> The task:
An exact restatement is required. Cover only the lines of the records from the first through the line with "農(nóng)業(yè)環(huán)境", and skip pictures.

*** Raw data ***

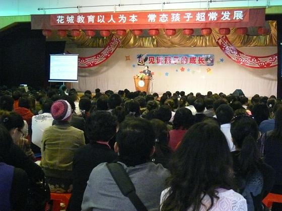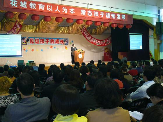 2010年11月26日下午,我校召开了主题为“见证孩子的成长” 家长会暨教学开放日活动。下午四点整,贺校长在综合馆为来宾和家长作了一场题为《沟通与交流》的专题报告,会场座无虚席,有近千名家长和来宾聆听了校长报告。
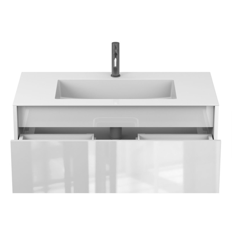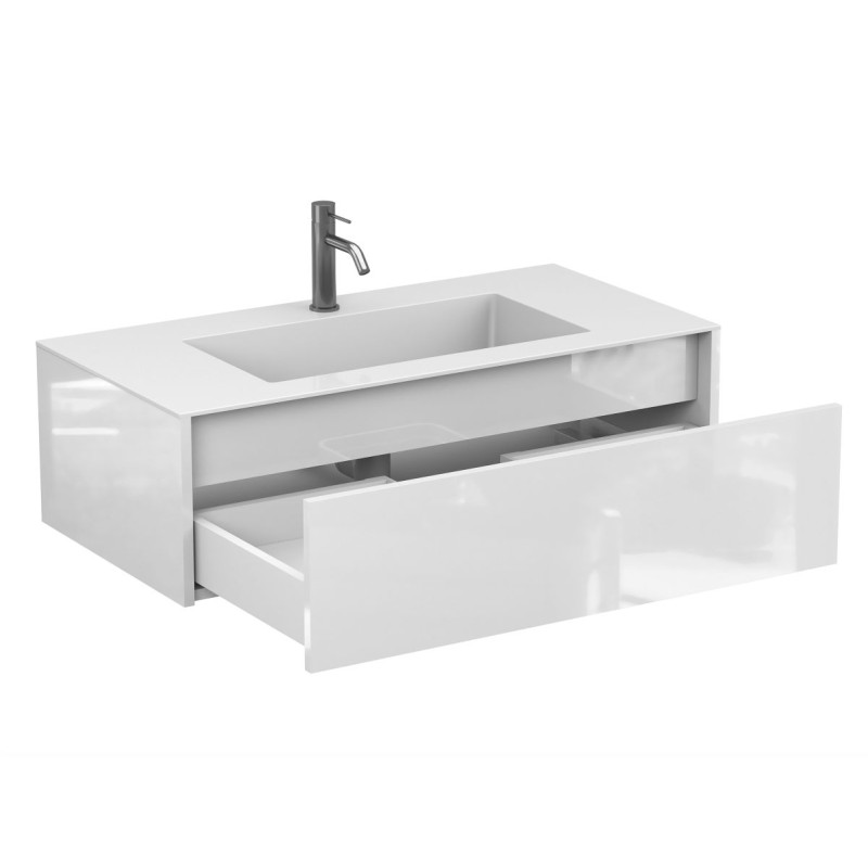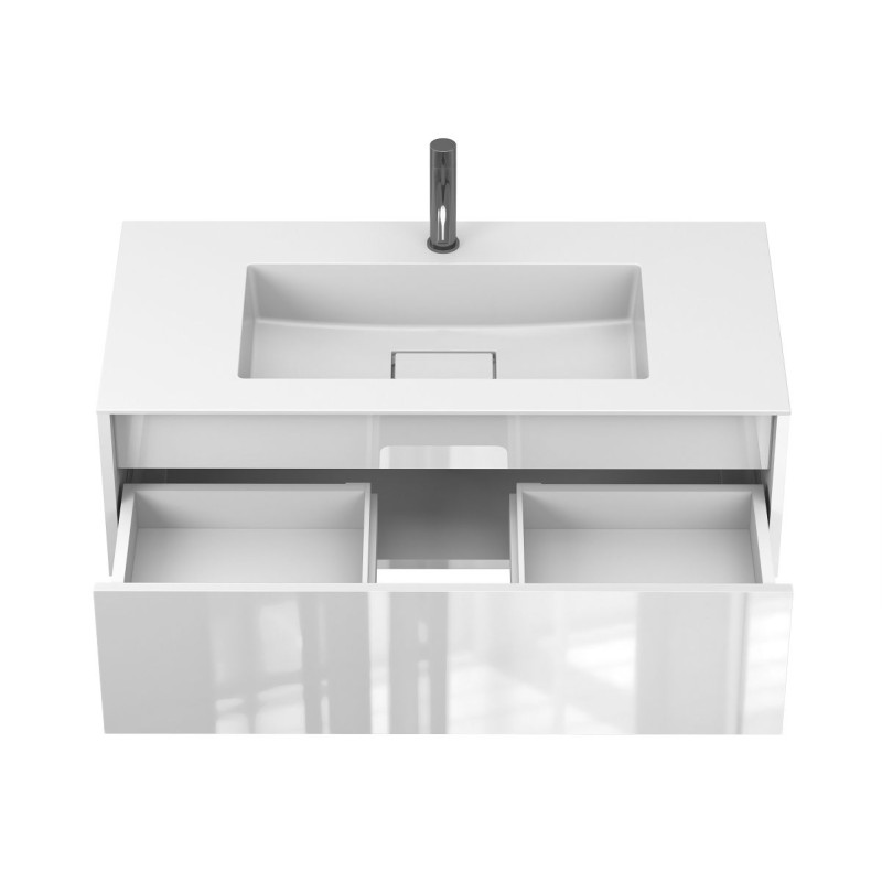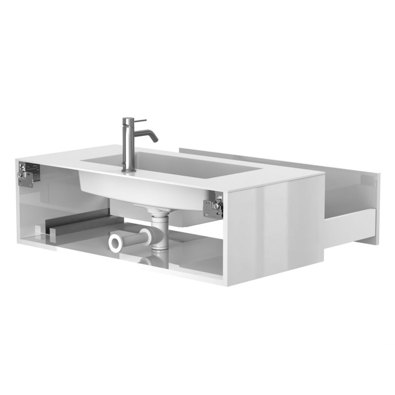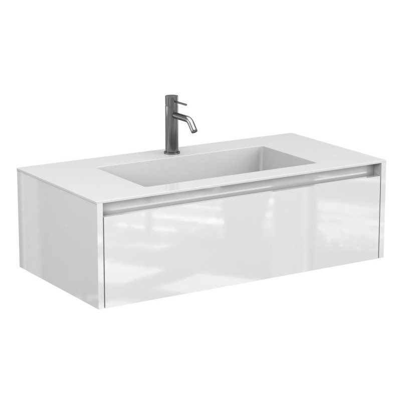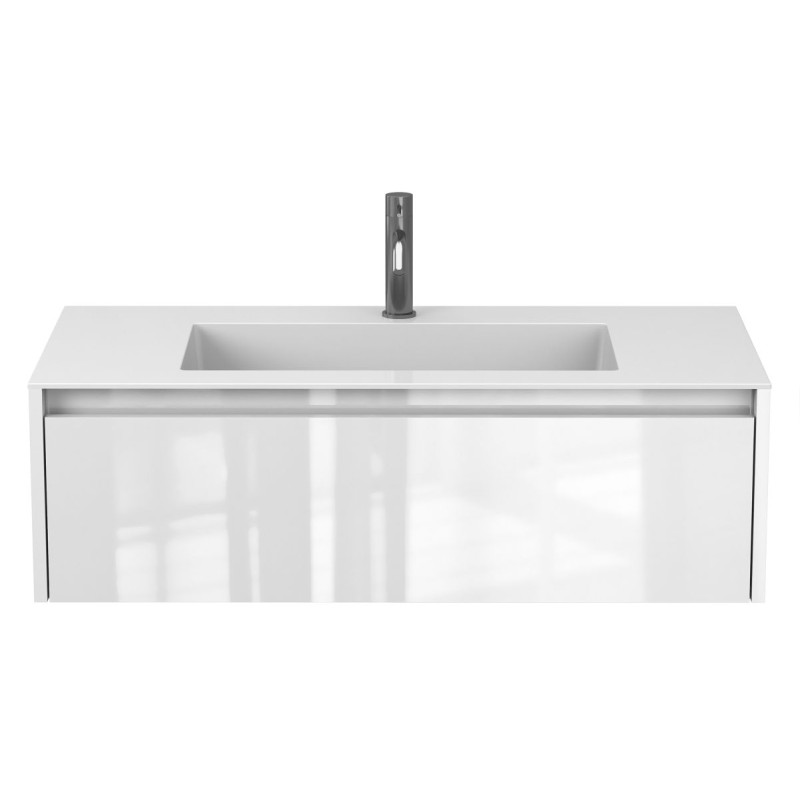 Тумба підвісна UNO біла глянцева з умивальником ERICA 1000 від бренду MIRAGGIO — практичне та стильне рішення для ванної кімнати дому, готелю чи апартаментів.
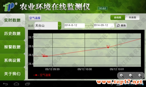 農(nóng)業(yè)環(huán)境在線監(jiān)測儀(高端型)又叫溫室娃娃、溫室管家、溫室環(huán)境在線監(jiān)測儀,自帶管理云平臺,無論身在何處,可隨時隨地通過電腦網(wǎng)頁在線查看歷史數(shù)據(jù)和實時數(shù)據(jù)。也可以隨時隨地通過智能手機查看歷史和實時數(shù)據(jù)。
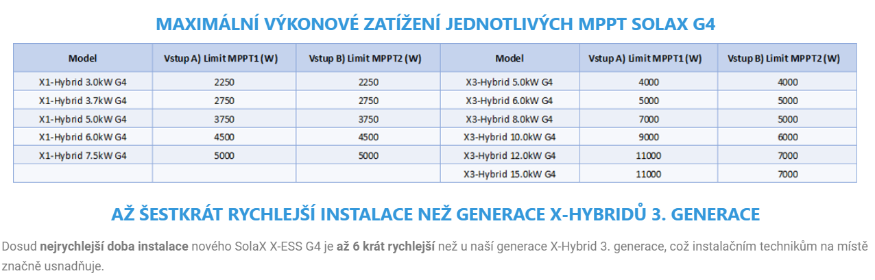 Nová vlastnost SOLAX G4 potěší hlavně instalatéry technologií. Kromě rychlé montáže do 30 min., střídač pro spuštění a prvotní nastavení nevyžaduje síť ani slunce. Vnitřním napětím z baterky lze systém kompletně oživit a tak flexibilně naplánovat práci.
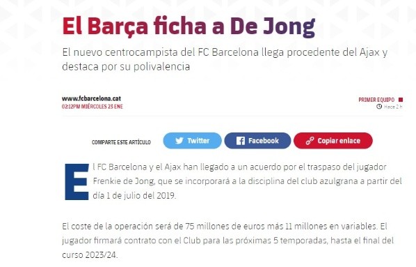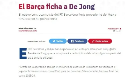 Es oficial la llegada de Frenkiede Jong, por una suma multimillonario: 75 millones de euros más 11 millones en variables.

*** End of Raw data ***

> Task response:
 2010年11月26日下午,我校召开了主题为“见证孩子的成长” 家长会暨教学开放日活动。下午四点整,贺校长在综合馆为来宾和家长作了一场题为《沟通与交流》的专题报告,会场座无虚席,有近千名家长和来宾聆听了校长报告。
 Тумба підвісна UNO біла глянцева з умивальником ERICA 1000 від бренду MIRAGGIO — практичне та стильне рішення для ванної кімнати дому, готелю чи апартаментів.
 農(nóng)業(yè)環(huán)境在線監(jiān)測儀(高端型)又叫溫室娃娃、溫室管家、溫室環(huán)境在線監(jiān)測儀,自帶管理云平臺,無論身在何處,可隨時隨地通過電腦網(wǎng)頁在線查看歷史數(shù)據(jù)和實時數(shù)據(jù)。也可以隨時隨地通過智能手機查看歷史和實時數(shù)據(jù)。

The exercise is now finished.